■ Dataset extract
BEGIN

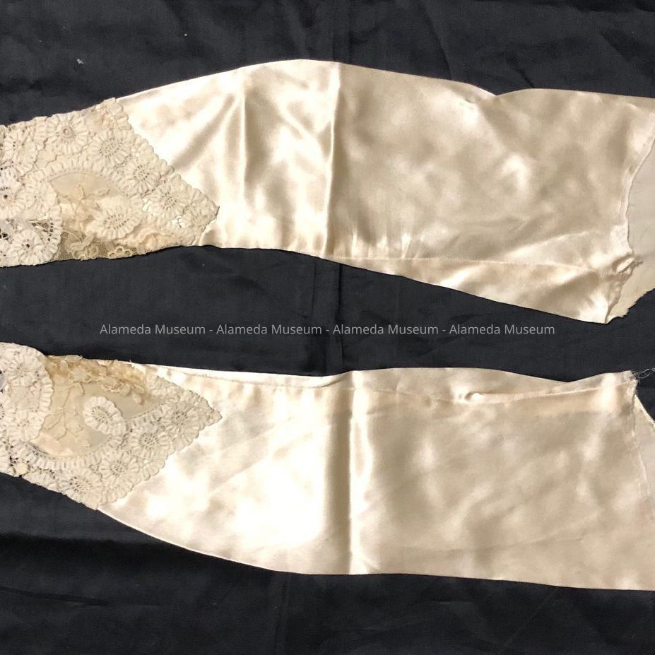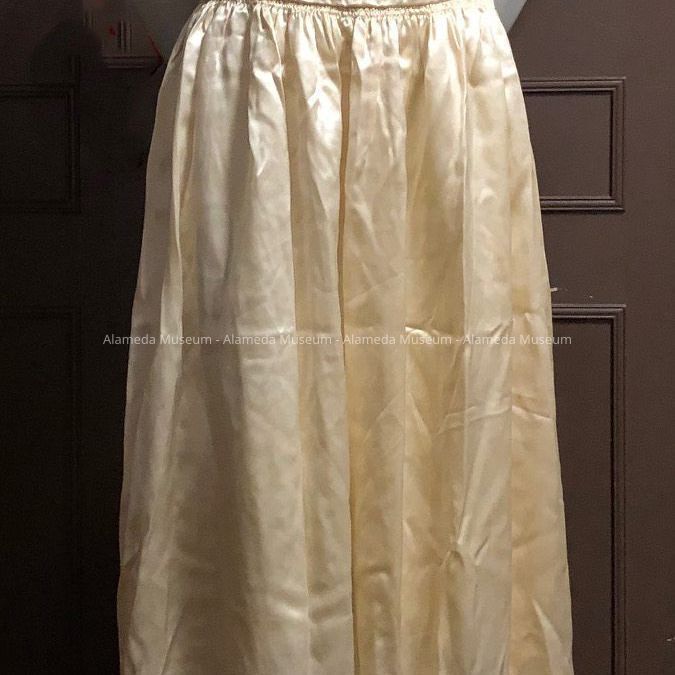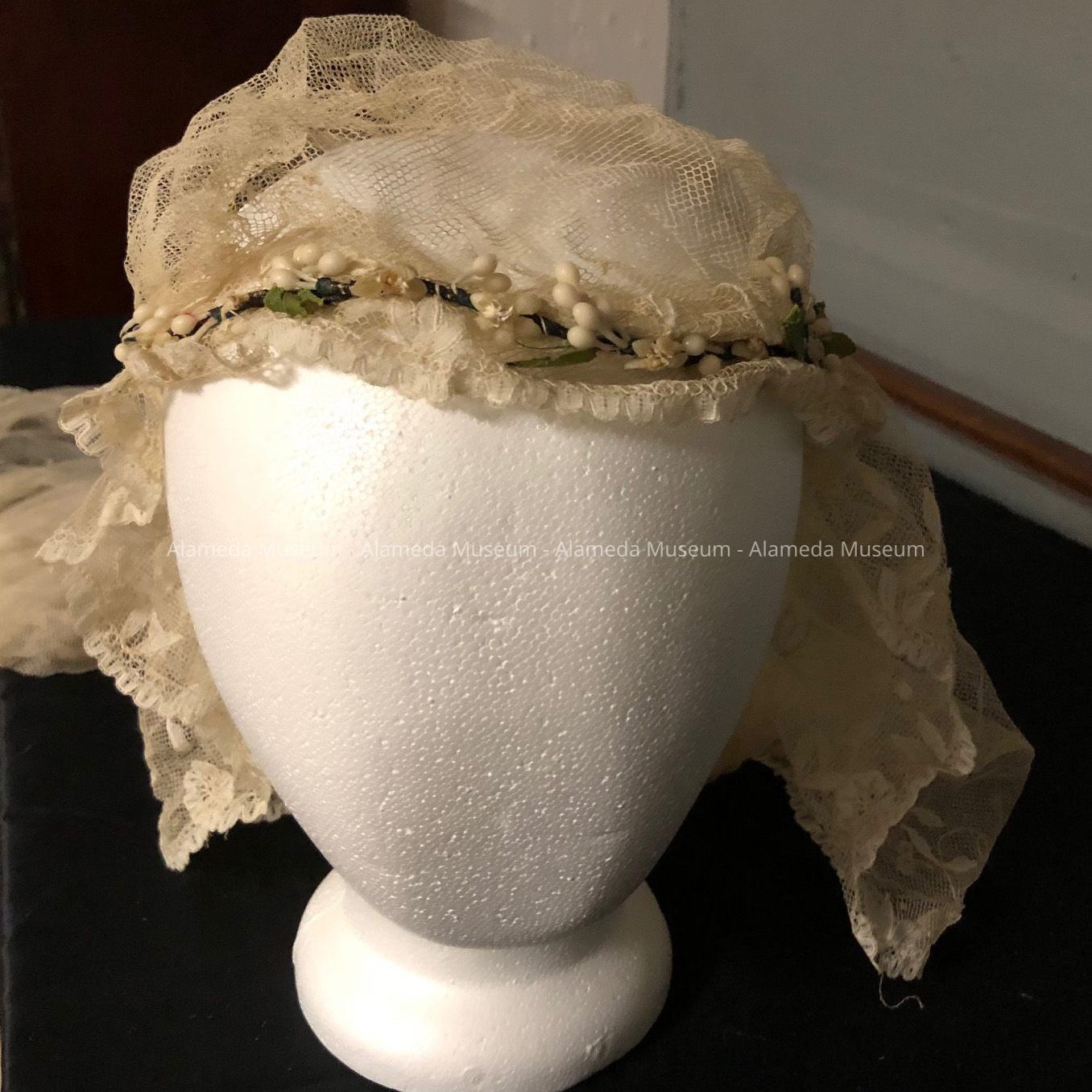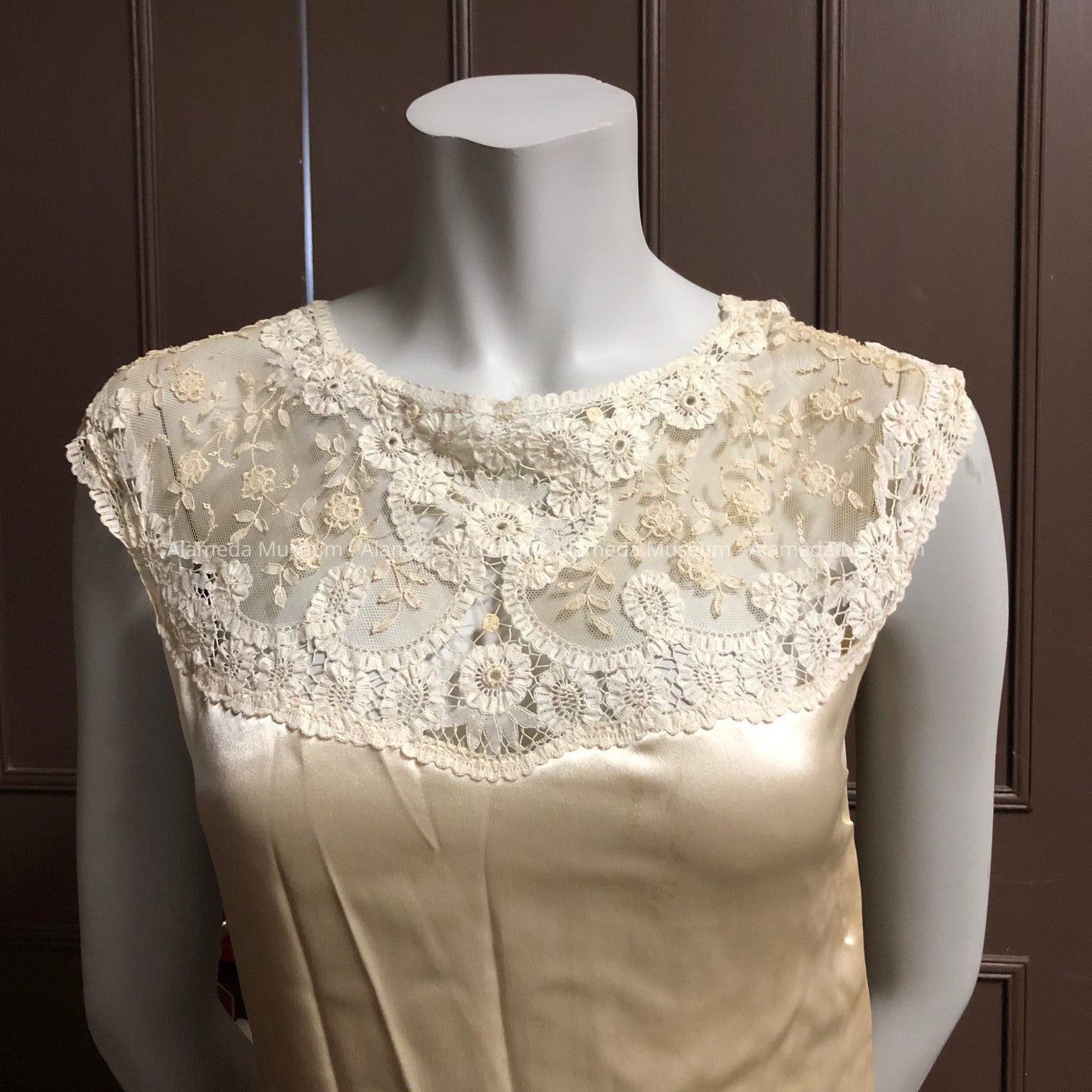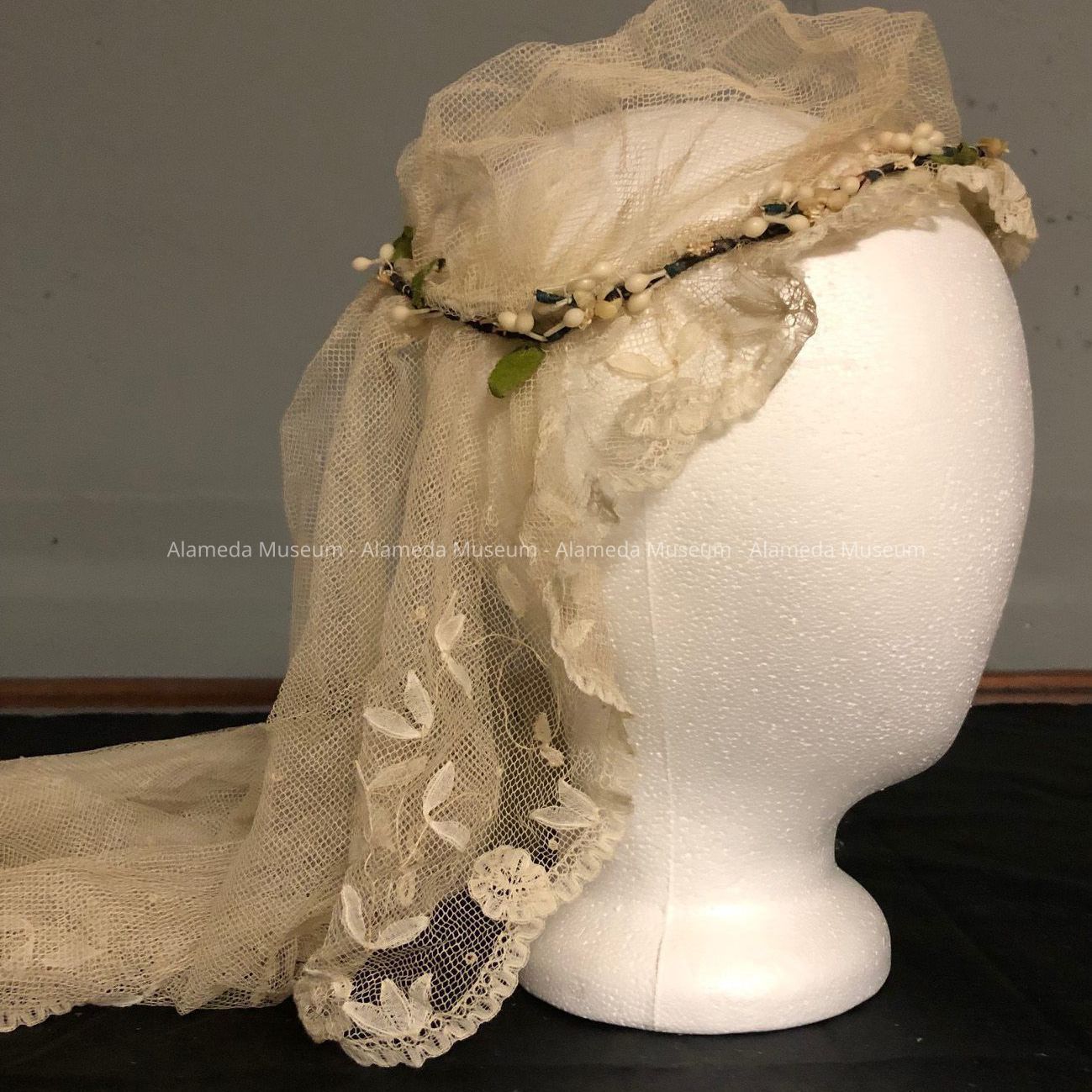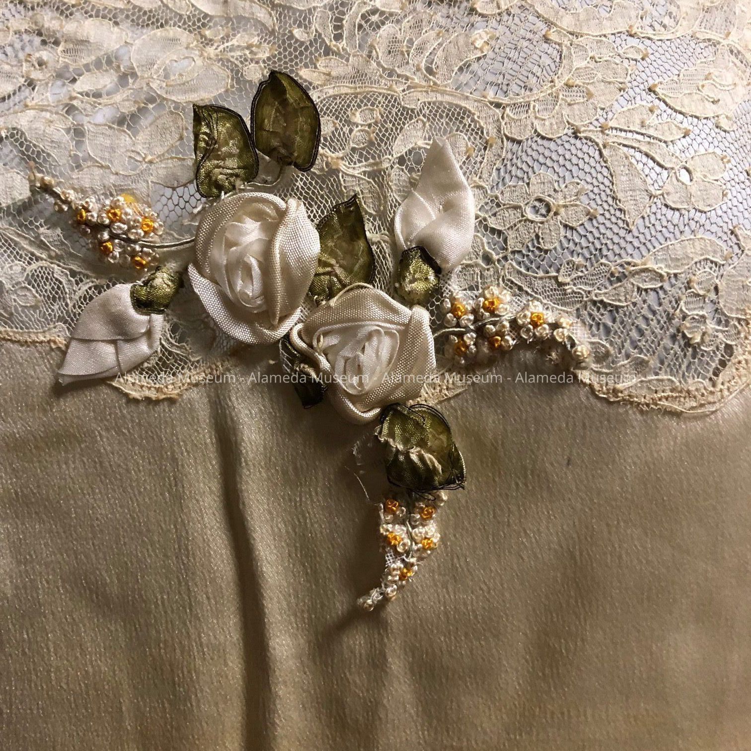 History of Object: A wedding dress worn by Ethel B. Stone, daughter of Mr. and Mrs. W.F Stone, when she married Henry W. O'Grady, a dentist. The wedding took place in the Stone family home on Portola St., Alameda.
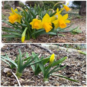 ミニスイセン 「ティタティタ」と教えてもらいました✨ 水仙の中で一番先に咲いてます(*゚▽゚)ノ🌼 小ささが伝わらないのが残念♪ 普通の水仙の三分の一ぐらいですね🎶 可愛いのよ💕
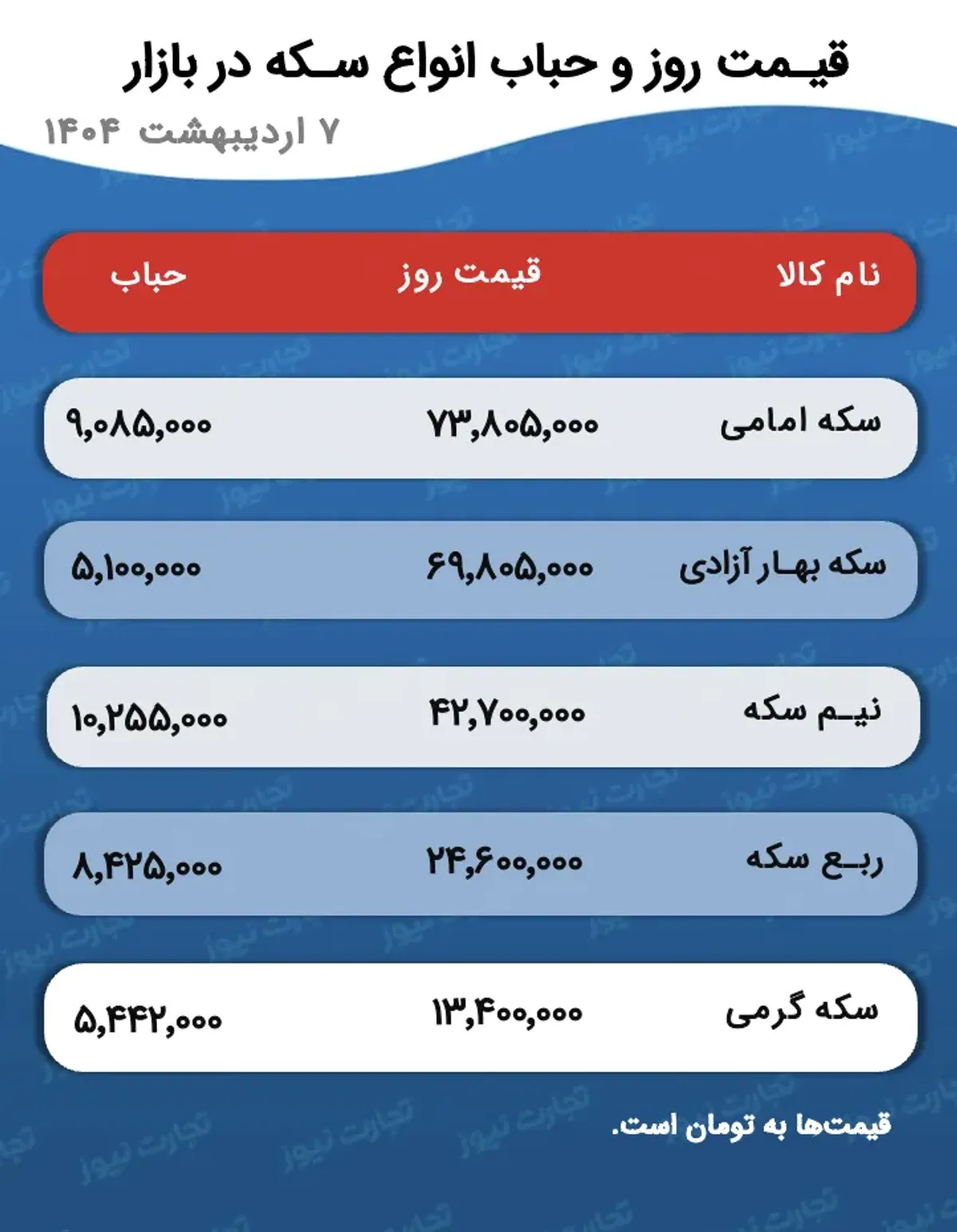 قیمت سکه امامی یکشنبه ۷ اردیبهشت با افت ۲۳۰ هزار تومانی روی رقم ۷۳ میلیون ۸۰۵ هزار تومانی معامله شد. قیمت سکه بهار آزادی با رشد یک میلیون و ۶۸۰ هزار تومانی به کانال ۶۹ میلیونی صعود کرد و روی رقم ۶۹ میلیون و ۸۰۵ هزار تومانی معامله شد.
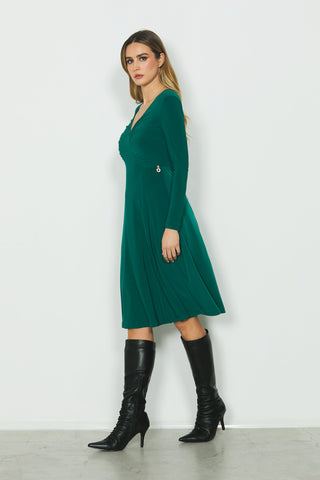 Abito FATIMA midi manica lunga scollo v con pieghe più tagli

END

■ What to work on
Each line from the one holding "قیمت سکه امامی" through the final line of the data needs to be transcribed exactly. Include both ends, skip the pictures, and add nothing.

■ Solution to this task
 قیمت سکه امامی یکشنبه ۷ اردیبهشت با افت ۲۳۰ هزار تومانی روی رقم ۷۳ میلیون ۸۰۵ هزار تومانی معامله شد. قیمت سکه بهار آزادی با رشد یک میلیون و ۶۸۰ هزار تومانی به کانال ۶۹ میلیونی صعود کرد و روی رقم ۶۹ میلیون و ۸۰۵ هزار تومانی معامله شد.
 Abito FATIMA midi manica lunga scollo v con pieghe più tagli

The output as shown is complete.